Canadian ice hockey player (born 1996)

Brett Seney (born February 28, 1996) is a Canadian professional ice hockey forward and captain for the Rockford IceHogs of the American Hockey League (AHL). Seney was drafted by the New Jersey Devils 157th overall in the 2015 NHL entry draft.

Prior to turning professional, Seney played for Merrimack College where he was honoured as a Hockey East Third Team All-Star.

==Playing career==
Seney was selected 157th overall in the 2015 NHL entry draft by the New Jersey Devils. He was committed to play for Merrimack College in October 2015, but after a successful season with the Kingston Voyageurs he was asked to start a season earlier. In his sophomore, junior, and senior season at Merrimack College, Seney was named to the Hockey East All-Academic Team. In his senior year he was named to the Hockey East Third Team All-Star.

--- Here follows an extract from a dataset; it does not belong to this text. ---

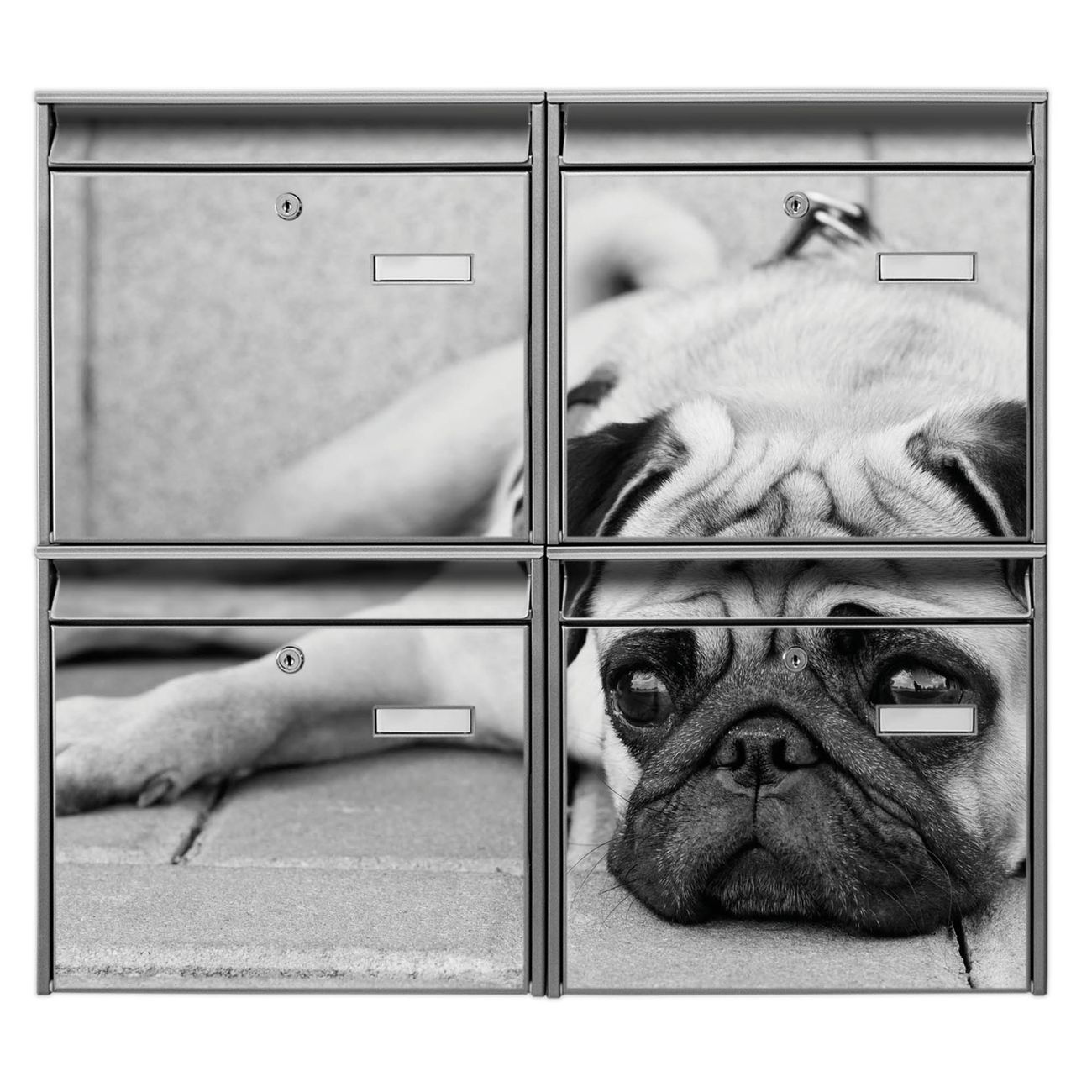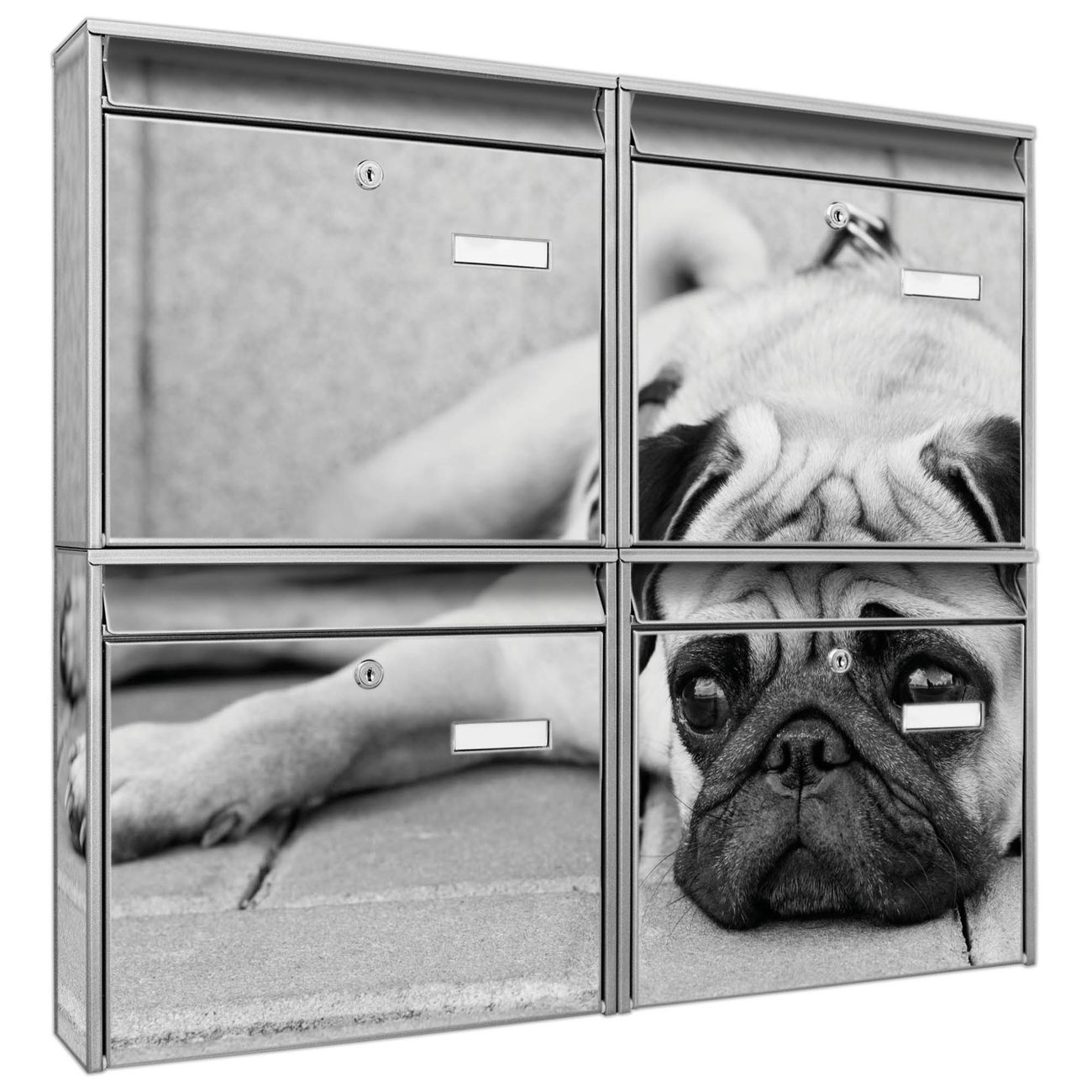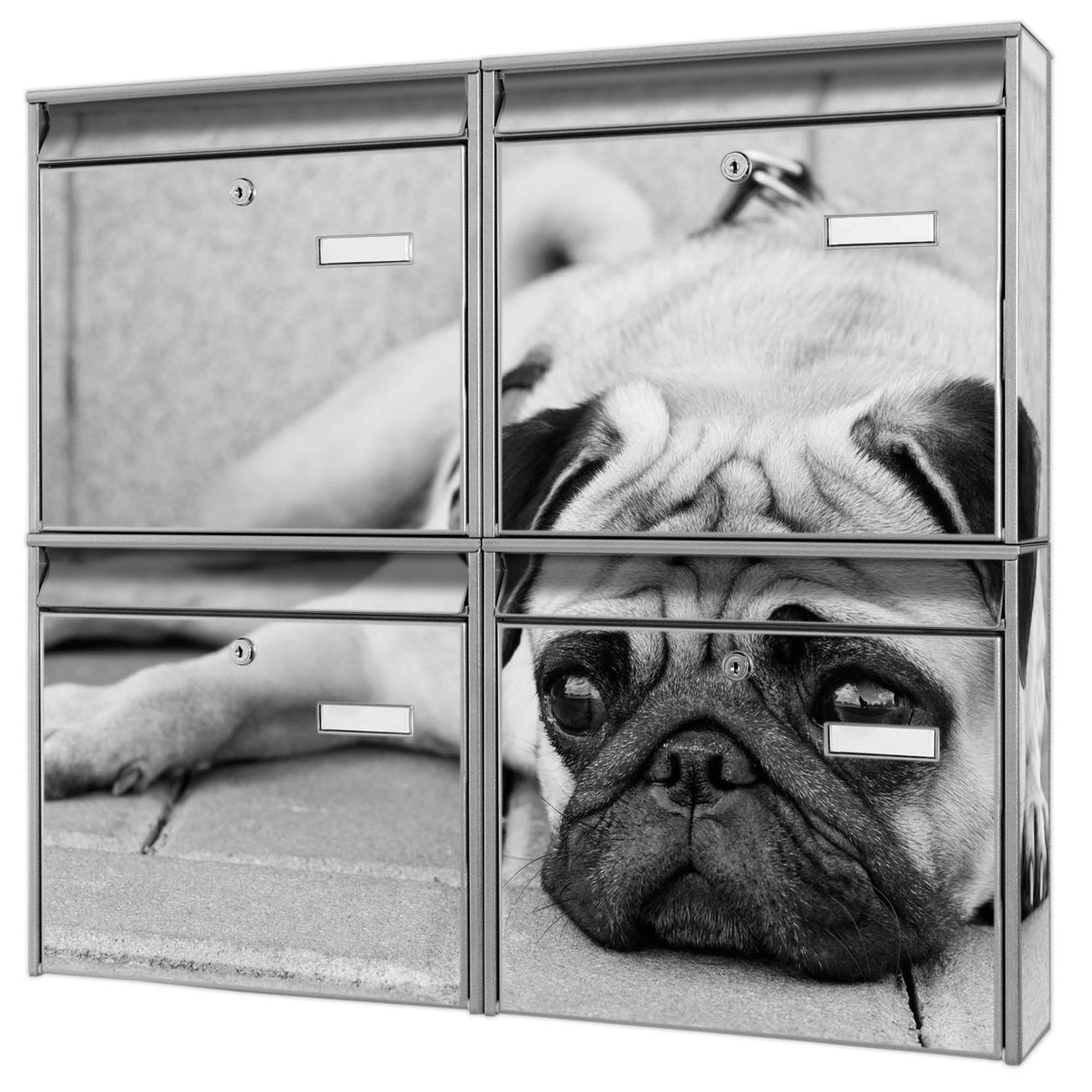 FUNKTION: Die Burg-Wächter Briefkastenanlage mit Motiv Lotty bietet Ihnen ausreichend Fassungsvermögen um auch A4 und C4 Sendungen zu empfangen. Das integrierte Namensschild lässt sich individuell beschriften. Wählen Sie aus den Grundfarben weiß, silber und schwarz. DESIGN: Die 4 Briefkästen haben ein ansprechendes und zeitloses Design, ohne dabei auf Funktionalität zu verzichten. Das Material ist sehr stabil, wetterfest und rostfrei. Durch das Motiv Lotty werden die Postkästen zu einem Blickfang. DETAILS: Die Postkästen bestehen aus verzinktem Stahl der zusätzlich mit Klarlack versiegelt wurde. Die Kästen sind gesamt 64,5cm hoch, 72,5cm breit und 10cm tief. Das Motiv besteht aus einer wetter- und UV-festen Folie, die Ihren Briefkasten zusätzlich vor Kratzern schützt. Die Postkästen werden mit Montagematerial, je einem Namensschild und je zwei Schlüsseln geliefert. NUTZEN: Das Briefkastenset eignet sich für die Wandmontage, die Größe bietet genügend Platz für Sendungen aller Art. Das zeitlose Design sowie die stabile Bauart bieten Ihnen einen treuen Begleiter für Ihre Post. BANJADO:

On March 16, 2018, at the conclusion of his senior season, Seney signed a two-year, entry-level contract with the Devils. He was assigned to the Devils American Hockey League team, the Binghamton Devils, for the 2018–19 season. On November 3, 2018, Seney made his NHL debut as the Devils lost 3–0 to the New York Islanders. On November 11, Seney recorded his first career NHL goal in a 5–2 loss to the Winnipeg Jets.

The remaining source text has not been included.